Pakistan ranked top in Asia having the highest response to social protection amid Covid-19 crises at a global conference hosted by the International Policy Center for Inclusive Growth (IPC-IG) on Monday.
This new study was conducted by UNICEF, UN and IPC-IG to assess social protection response in Asia focusing on an extensive mapping and overview of how social protection measures were deployed by the countries in Asia and the Pacific region in the response to the Covid-19 crisis, said a news release.
The study revealed that Pakistan covered highest number of responses to social protection in Asia through Ehsaas Emergency Cash. “Afghanistan included many humanitarian interventions; hence Pakistan tops the list”, says Marina Andrade, researcher from IPC-IG team.

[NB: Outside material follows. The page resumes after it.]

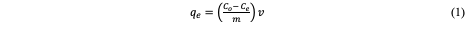 The effect of concentration, temperature, time, pH, and the dose of adsorbent on theadsorption process was investigated. To determine the quantity adsorbed (qe in mg/g) at equilibrium, equation 1 was utilized:

According to Andrade, “South Asian countries had a larger number of social protection responses to Covid-19 when compared with other Asian nations. Regarding coverage, Pakistan, Timor Leste, Tuvalu and Sri Lanka implemented important changes to increase the number of beneficiaries.”
Social protection.org is the key initiative of IPC-IG which is supported by the governments of Australia and Germany and is an influential forum of social protection.
With the moderation from the Asian Development Bank (ADB), the opening panel discussion had a regional focus particularly on Asia and the Pacific, Africa and the Middle East, and Latin America and the Caribbean.
The country panel on Asia Pacific brought together Special Assistant to the Prime Minister, Dr. Sania Nishtar, Bapak Maliki, Director of Poverty Alleviation and Social Welfare Indonesia and Theng Pagnathun, Delegate of Royal Government of Cambodia in charge of Director General of Planning who discussed social protection responses to Covid-19 in their respective countries.
Sharing the scale and ambition of Ehsaas Emergency Cash, Dr. Nishtar said, “Within 10 days of Covid-19 lockdown, the government of Pakistan had launched the Ehsaas Emergency Cash programme, providing urgent cash payments to over 15 million households.
The $1.25 billion safety-net programme was rolled out at unprecedented speed, designed in the short-term to offer immediate relief in the form of $75 to the poorest and hardest hit families.” She continued, “The programme’s end-to-end digital approach, with transparency hard-wired into its design, offers lessons about how to use personal identification systems.
By combining phones, internet connectivity and national IDs, we were able to create a digital, demand-based social-protection system, enabling those in distress to seek emergency cash support.”
Concluding the insights on Ehsaas Emergency Cash, she said, “Overall, the Ehsaas Emergency Cash programme not only helped our country respond to the immediate crisis, providing relief for the poorest households in Pakistan, but also put in place critical building blocks for a stronger and more inclusive financial sector in Pakistan.”
The global e-conference provided an opportunity for taking stock, exchanging information and facilitating learning on social protection responses to Covid-19. It also offered a moment to deliberate on the future of social protection in the context of the global pandemic, in addition to celebrating social protection.org’s 5th anniversary.